Hi everyone! I’m currently at the “Fundamental Physics at the Intensity Frontier” workshop in Rockville, Maryland. There are about 500 high energy physicists here who have gathered to discuss the future of “intensity frontier” physics in the United States. You can find a nice summary on Symmetry Breaking and can follow along on Twitter (#intensityfrontier). For those interested in checking out some of the slides, you can find the agenda here.

In short, the “intensity frontier” is shorthand the exploration of fundamental physics from high luminosity, that is looking for very rare processes that probe the quantum effects of new physics. (I may have to revise this personal definition after attending the workshop!) This should be contrasted with the “energy frontier,” which is what we usually discuss on this blog with the direct production of new physics at the LHC.

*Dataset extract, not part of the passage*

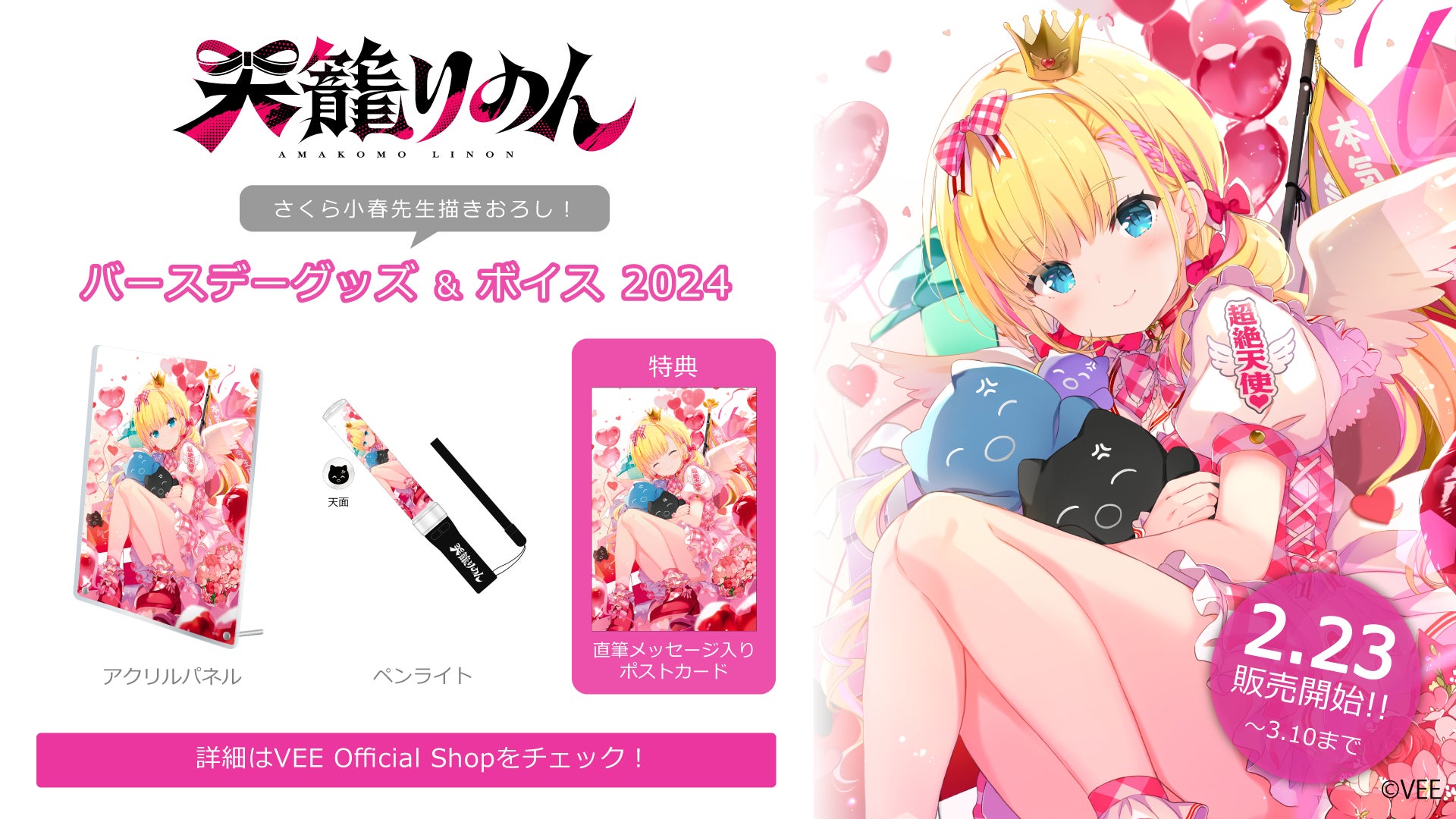 VEE Official Shopでは、天籠りのんの誕生日を祝うバースデーグッズとボイスコンテンツが販売中です。

I’ll whet your appetite , here’s a teaser image from Nima Arkani-Hamed‘s opening talk in which he plots the “coolness” and “importance” of intensity frontier physics with respect to time:

From Nima Arkani-Hamed's talk at the Intensity Frontier Workshop

Fermilab has now passed the “energy frontier” torch to the LHC and is restructuring towards a particle physics lab dedicated to pushing the forefront of the intensity frontier. The workshop is a very unique and very special opportunity for theoretical and experimental physicists to get together and discuss the future of particle physics in the United States. There are over 500 high energy physicists here for the next three days, which perhaps makes this the center of particle physics this side of CERN. 🙂

As stated by Henry Weerts in his welcome talk, the workshop has four goals:

  1. Produce a single coherent document that explains the science opportunities at the intensity frontier.
  2. Identify the experiments and facilities needed to explore the intensity frontier.
  3. Demonstrate the importance of the intensity frontier to the physics and broader community.
  4. Educate the community.

The last item was particularly directed to the broader community, not just physicists but also to congress and—by extension—to the general public which ultimately supports research into fundamental science. To that end, it’s a busy workshop, but I’ll do my best to provide some updates about what’s going on.